International Journal of Computer Applications |
Foundation of Computer Science (FCS), NY, USA |
Volume 8 - Number 2 |
Year of Publication: 2010 |
Authors: Smitha Sunil Kumaran Nair, N. V. Subba Reddy, Hareesha K. S |
10.5120/1189-1661 |
Smitha Sunil Kumaran Nair, N. V. Subba Reddy, Hareesha K. S . Article:An Evaluation of Feature Selection Approaches in Finding Amyloidogenic Regions in Protein Sequences. International Journal of Computer Applications. 8, 2 ( October 2010), 1-6. DOI=10.5120/1189-1661
Amyloidogenic regions in polypeptide chains are associated with a number of diseases.

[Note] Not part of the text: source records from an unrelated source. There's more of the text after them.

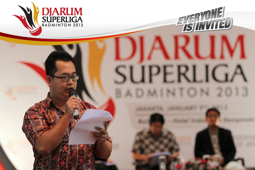 Perwakilan PB Djarum, Antonius Budi Ariantho sedang membacakan susunan pemain tim PB Djarum yang akan bertanding di Djarum Superliga Badminton 2013.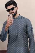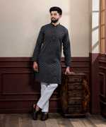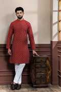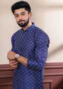 Elevate your festive and wedding wardrobe with the Koshin Men's Purple Cotton Woven Print Kurta, paired with a classic White Solid Cotton Pyjama. This exquisite ensemble features a full-sleeve kurta with a sophisticated mandarin collar, crafted from premium cotton for ultimate comfort and breathability. The intricate woven print adds a touch of elegance, making it a standout choice for special occasions. The accompanying pyjama offers a perfect fit, ensuring ease of movement. Ideal for those seeking a blend of tradition and style, this kurta set promises to make you the center of attention at any celebration.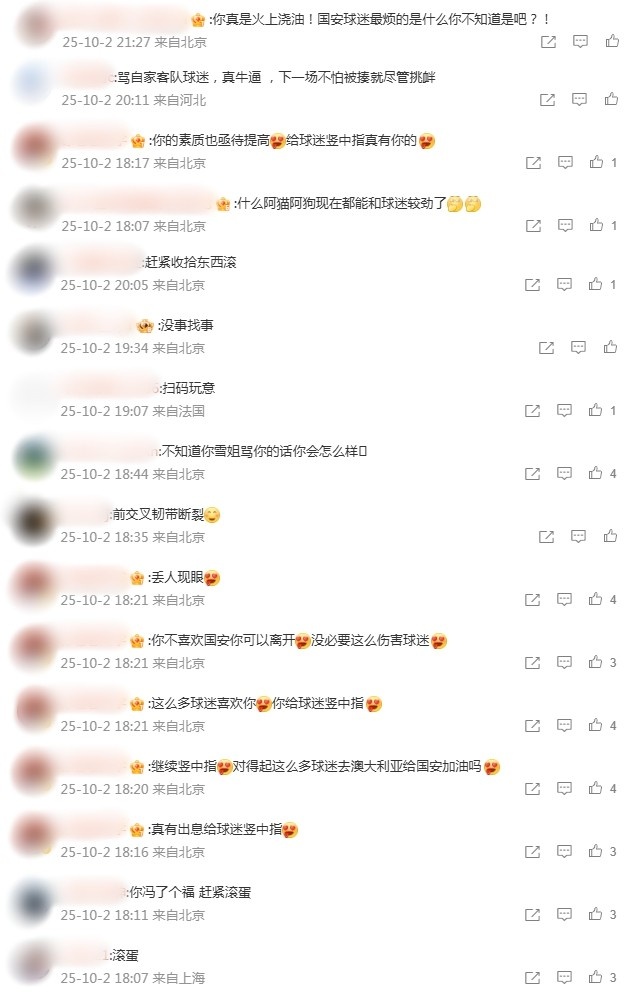 联系新闻——又与球迷突破!国安球迷赛后集体痛骂杨立瑜,球员比手势饱读掌回复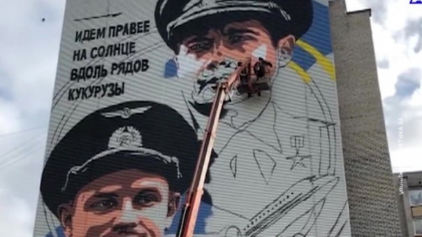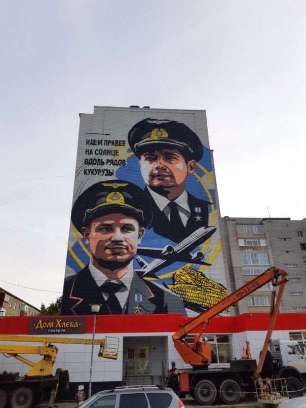 В Сургуте появилось огромное граффити, посвященное посадке самолета в кукурузе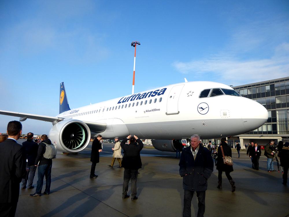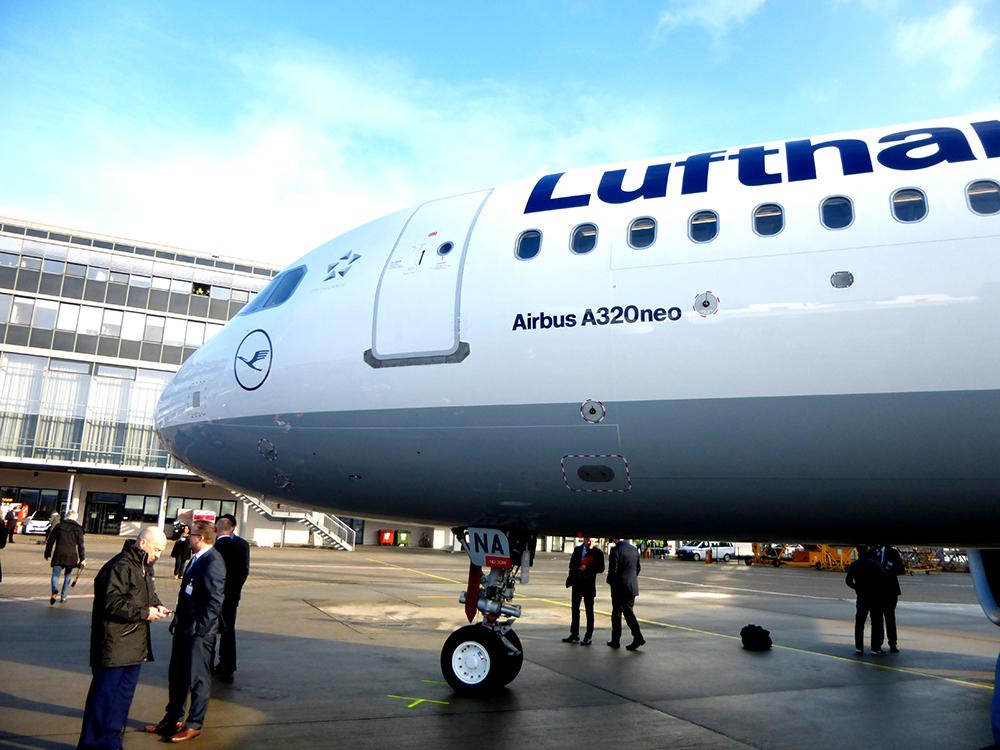 The Lufthansa A320neo at Frankfurt airport.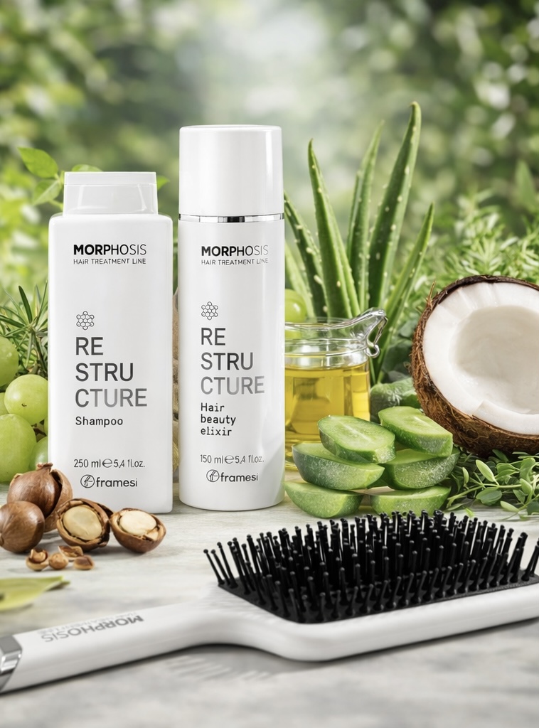 Набір для пошкодженого волосся з ефектом реконструкції Framesi Kit Restructure + Spazzola (Restructure Shampoo, Restructure Restructure Hair Beauty Elixir, Luxury Paddle Brush)

Experimental evidence is compelling in favor of the hypothesis that small segments of proteins are responsible for its amyloidogenic behavior. Thus, identifying these short peptides is critical for understanding diseases associated with protein misfolding and developing sequence-targeted anti-aggregation drugs. The in silico approaches using phenomenological models based on bio-physio-chemical properties of amino acids suffer from “curse of dimensionality”. Therefore, before adopting standard classification algorithms to predict such fibril motifs, the “curse of dimensionality” needs to be solved. The present study evaluates the performance of feature selection algorithms namely filter, wrapper and embedded models in conjunction with Support Vector Machine classifier. We also propose a novel integrated feature selection strategy based on Genetic Algorithm and Support Vector Machine to get an optimal number of features in predicting the amyloid fibril-forming short stretches of peptides. In addition, we investigated the performances of feature selection models that resulted in new and complementary set of properties and concludes that the proposed integrated dimensionality reduction technique outperforms all other methods and achieves the highest sensitivity and specificity of 86% and 82% respectively.